*** Material to process Section Begins ***

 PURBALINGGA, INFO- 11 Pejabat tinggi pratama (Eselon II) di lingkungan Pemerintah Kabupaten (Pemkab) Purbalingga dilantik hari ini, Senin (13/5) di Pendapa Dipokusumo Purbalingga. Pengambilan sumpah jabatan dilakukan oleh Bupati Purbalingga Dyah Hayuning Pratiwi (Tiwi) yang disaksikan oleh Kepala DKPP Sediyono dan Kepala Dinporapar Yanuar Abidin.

*** Material to process Section Ends ***
*** Material to process Section Begins ***

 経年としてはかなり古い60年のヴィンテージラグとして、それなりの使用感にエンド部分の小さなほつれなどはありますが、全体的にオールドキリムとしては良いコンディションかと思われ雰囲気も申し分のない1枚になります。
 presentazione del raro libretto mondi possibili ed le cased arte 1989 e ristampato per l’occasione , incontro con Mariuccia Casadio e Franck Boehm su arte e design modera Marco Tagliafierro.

*** Material to process Section Ends ***

Only the lines above starting at the line that holds "経年としてはかなり古い60年" and ending at the line that holds "presentazione del raro" are to be repeated, exactly and in full.

**Result of the exercise**
 経年としてはかなり古い60年のヴィンテージラグとして、それなりの使用感にエンド部分の小さなほつれなどはありますが、全体的にオールドキリムとしては良いコンディションかと思われ雰囲気も申し分のない1枚になります。
 presentazione del raro libretto mondi possibili ed le cased arte 1989 e ristampato per l’occasione , incontro con Mariuccia Casadio e Franck Boehm su arte e design modera Marco Tagliafierro.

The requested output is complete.